This study addresses the optimization of discrete speech unit representations in Speech Language Models (SLMs) to enhance speech modeling during continual pretraining. We propose a systematic framework encompassing speech encoder design, controllable clustering granularity, phoneme-aligned discretization, and domain-matched data selection. We first uncover a strong correlation between model scale and optimal clustering granularity, and demonstrate that discrete vocabularies explicitly encode both linguistic and paralinguistic structures. Experiments show that principled discretization yields substantial downstream improvements—averaging +2.1% relative WER reduction—and that distributional alignment between clustering data and target domains enhances model robustness and generalization. Our work provides a reproducible methodology and theoretical insights for efficient speech representation learning in SLMs.

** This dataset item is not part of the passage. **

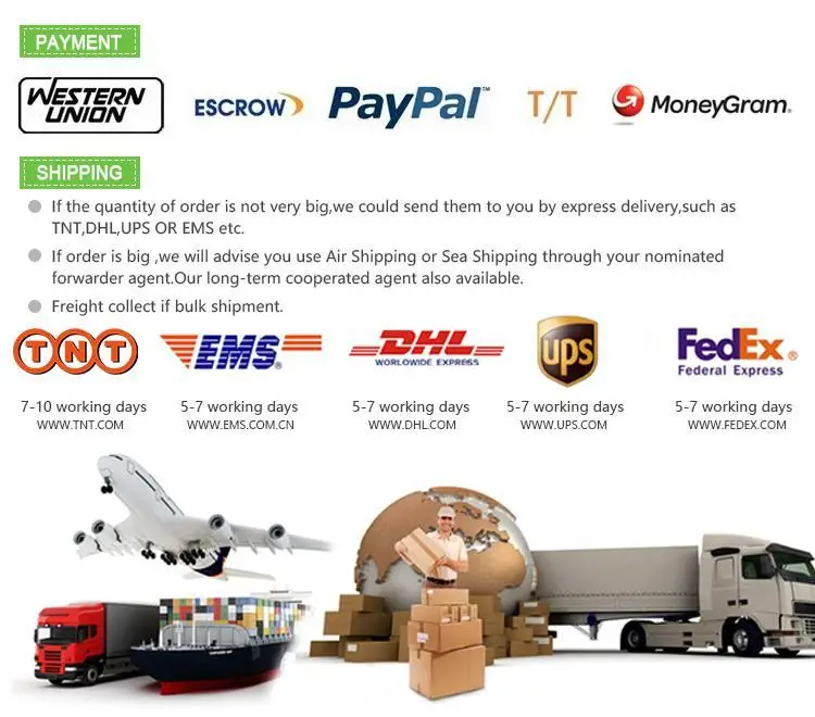A: Alibaba Trade Assurance, TT,L/C.PAYPAL,Western Union,if necessary,please contact us for negotiation.

This paper investigates discrete unit representations in Speech Language Models (SLMs), focusing on optimizing speech modeling during continual pre-training. In this paper, we systematically examine how model architecture, data representation, and training robustness influence the pre-training stage in which we adapt existing pre-trained language models to the speech modality. Our experiments highlight the role of speech encoders and clustering granularity across different model scales, showing how optimal discretization strategies vary with model capacity. By examining cluster distribution and phonemic alignments, we investigate the effective use of discrete vocabulary, uncovering both linguistic and paralinguistic patterns. Additionally, we explore the impact of clustering data selection on model robustness, highlighting the importance of domain matching between discretization training and target applications.